Elasticsearch for...Regular Java Developers
[This is a bit long. If you just want to use the code go ahead and clone this repo]
A few years ago, when I started playing with Elasticsearch I was expecting the tool to be more 'Java Friendly', after all, ES is a service, written in Java backed by a search engine (Lucene) also written in Java!
By the time I didn't like the official
because I was looking for something that felt more like Hibernate and Spring-ORM. The corresponding Spring Data Elasticsearch was also a disapointment for many reasons, such as explicitly requiring an @Id embedded in the document and the coupling with the binary transfer protocols (thrift) as well as the elasticsearch jar itself, which in turn transitively brings along several companions such as Lucene, Netty and JNA to name a few.
To put simply, what I was looking for initially, besides basic CRUD-support, was to provide 4 main features:
1)Transparent bi-directional type conversion:
ITypedApi<VO> api = ...
VO vo = new VO();
vo.timestamp = LocalDateTime.now();
vo.title = "A short summary";
vo.someNumber = 1;
String autoID = api.insert(vo);
VO recovered = api.get(autoID);
Assert.assertEquals(vo, recovered);
vo.title="No Title";
api.saveOrUpdate(id,vo);
recovered = api.get(autoID);
Assert.assertEquals(vo, recovered);
2)JDK-8 Streaming support (Bulk Inserts and Paged Fetching):
Stream<SomeType> source = ...
BulkInsertResult result = api.bulkInsert(source);//wraps cnt, ok, err...
/*
Tunnable Chunked Evaluation: Use sensible defaults and allow clients
control the balance of Remote Roundtrips (Rest Calls)
vs Memory Footprint (Page Size)
*/
Stream<SomeType> scroll = api.query(...,optionalTuning);
// Stream is lazilly populated with data from storage backend
scroll.forEach(t->{...});
3)Constructs that would benefit from strong statically typed languages: ES JSON parlance is great and well built, but I don't want me or my team googling every time the need for nesting a range query in a should clause shows up. Yes, I want to shamelessly be able to use my editor's content assist.

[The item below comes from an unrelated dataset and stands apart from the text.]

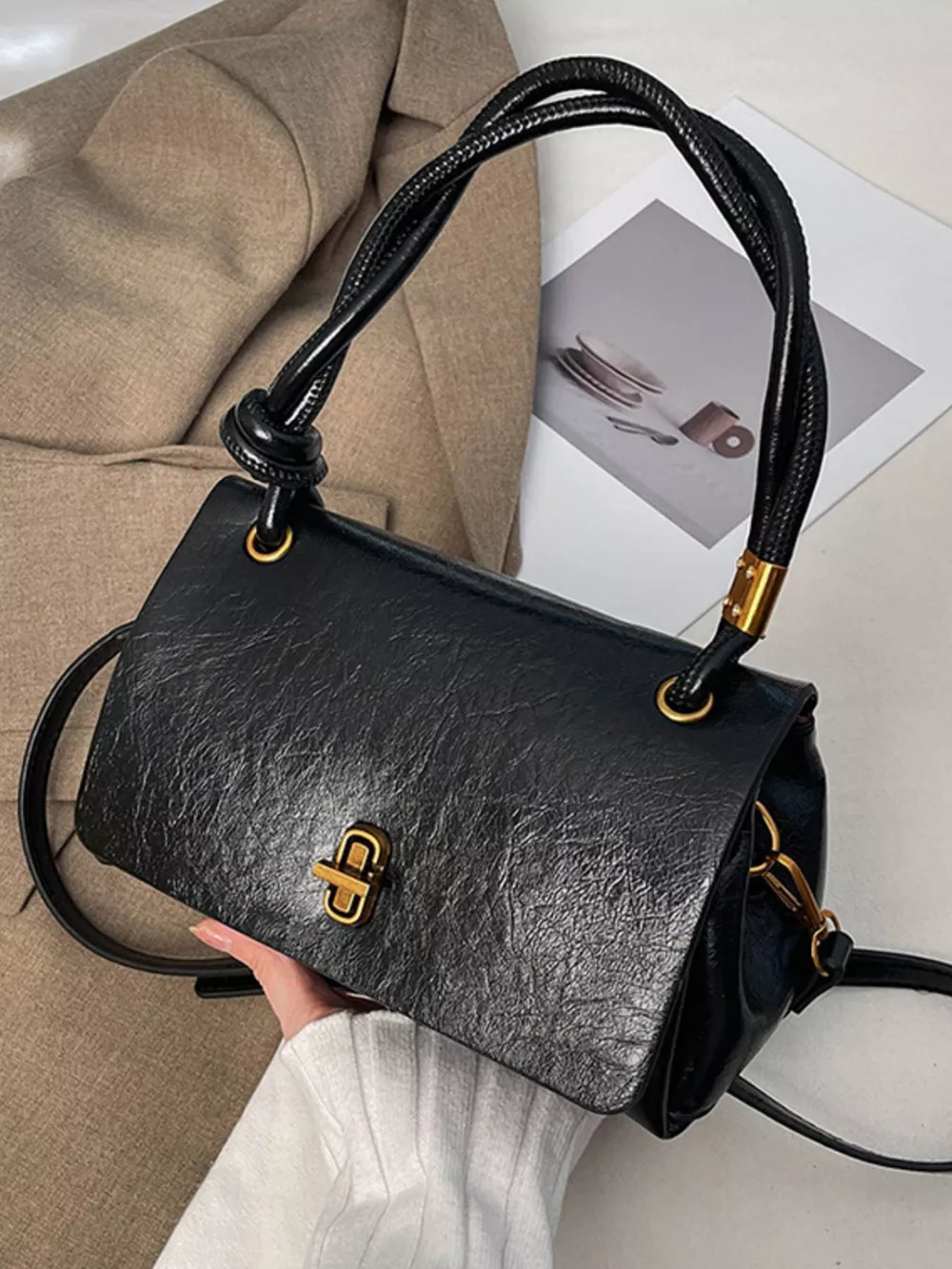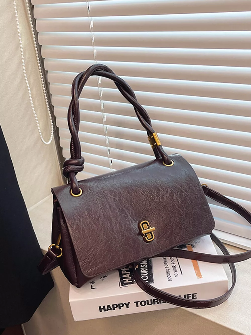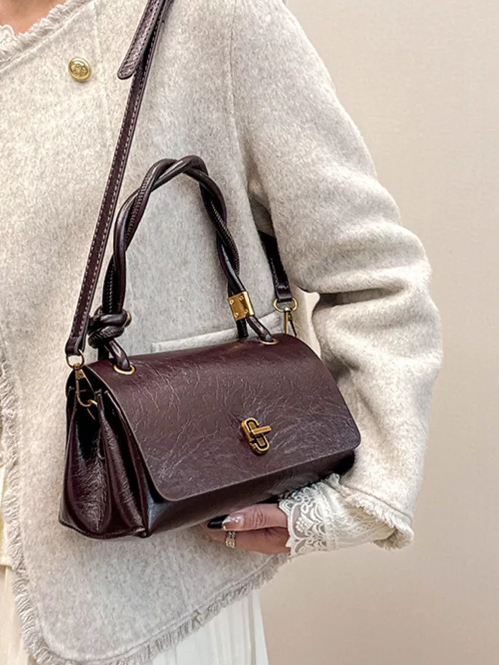 Twisted Handle Flap Crossbody Bag

4)To use indices, primarilly as a fast, distributed and fault-tolerant MultiMap-like data structures, leaving full-text capabilities to be manually activacted by advanced users. In earlier ES versions, indices used to be created with sub-optimal metafields such as _all and even in more recent versions, some under-the-hood operations like automatically indexing 2 versions of the same field (one analyzed and the keyword value) still remain as out-of-the-box features.
[You might be asking: "Why use a full-text search engine as a key-value store?"

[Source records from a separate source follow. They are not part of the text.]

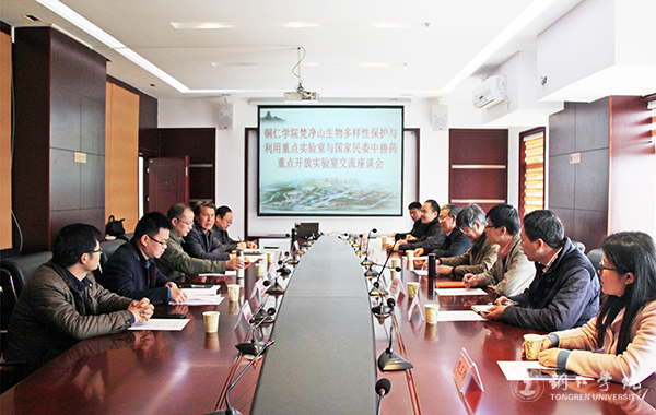 随后,在行政楼8312会议室召开座谈会,双方人员就国家民委中兽药重点开放实验室、贵州省梵净山地区生物多样性保护与利用重点实验室的建设管理进行交流。双方表示,两校的渊源深厚,在地域上也有独到优势,两个实验室要建立共建共享共荣的理念,共同为学校人才培养、科学研究和地方经济社会发展服务;要深化合作,以实验室为平台,以项目为方式,结合地方发展需求进行科研技术攻关;要相互学习,取长补短,相互促进,以高标准严要求来开展工作和培养学生,为贵州和铜仁的高等教育贡献力量。
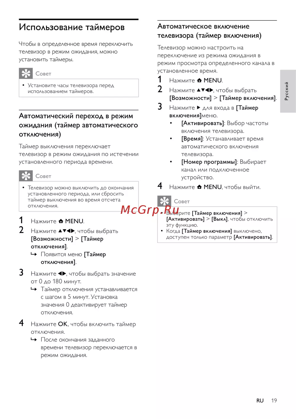 - Автоматическое включение телевизора таймер включения p.21
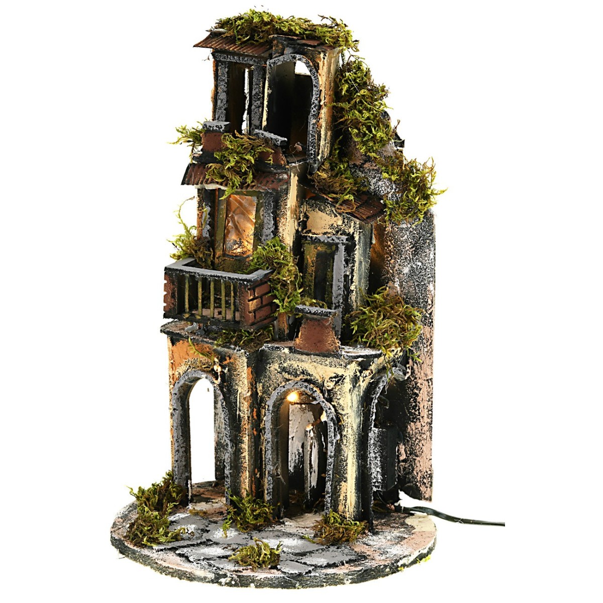 Pueblo iluminado para pesebre en estilo napolitano compuesto por varias casas en varios niveles con paredes estucadas. En el piso inferior hay algunos accesos abiertos, mientras que en el superior hay un balcón. Este edificio está iluminado con luces que funcionan con baterías ya incluidas (2xCR2032) y se recomienda para estatuas de altura 7-8 cm; en los detalles del producto están disponibles todas las informaciones relativas a las estatuas que se pueden combinar. El artículo ha sido producido artesanalmente en Italia con madera, corcho y musgo.

First and foremost, the kind of application I have to build and the kind of contracts I work with (Airspace & Defense) seldom require 'did you mean...' searches and often indulge me with expensive and state of the art hardware. I mean, if you're given the opportunity of working with brand new boxes of NVMe SSDs you must do them justice by deploying software that will take full advantage of it's capabilities.
Secondly, I have worked a lot with Lucene, know the framework's internals and know it's blazing fast for my purposes, so any possible performance hiccups would most likely come from excessive network calls or something else, not from the core engine: When it comes to storing and processing reasonable amounts of data, knowing the tecnology's constraints and caveats in depth is something I hold dear. After some research and testing of other competing technologies such as Solr, Neo4j and OrientDB it felt like Elasticsearch offered the best set of non-functional capabilities I was looking for.
Last but not least, my team is very heterogeneous when it comes to experience and skill levels, but one thing was certain: No one was acquainted with the concepts and techniques used by full-text search and everyone is smart enough to instantly grasp the notions of key-value stores. I wanted everyone, from the interns to senior developers to embrace the technology and, more importantly, to quickly get productive with it.]
By the time I decided to start coding my own 'elastic-crud-wrapper', there was no official Java REST Client and I wasn't sure from where I should start...Luckily for me Daniel Mitterdorfer had published an article, a benchmark comparing Transport Client vs REST Client, which basically concludes that: "Yes, there's a bit overhead in using JSON over HTTP, but the decoupling and api stability you get from using REST certainly offset the performance benefits of the transport protocol."
After playing a bit with basic operations using the REST client, I was convinced that this was the way to go: All I needed was to properly model some Java classes and let Jackson do its thing. The result was an easy-to-use api that has been helping me and my peers to 'work with Elastic Search without knowing that you're using it'.
[Disclaimer: I have no ties to elastic.co or any of it's partners. I wrote this essay because I really enjoyed working with their product and want it to thrive even further!]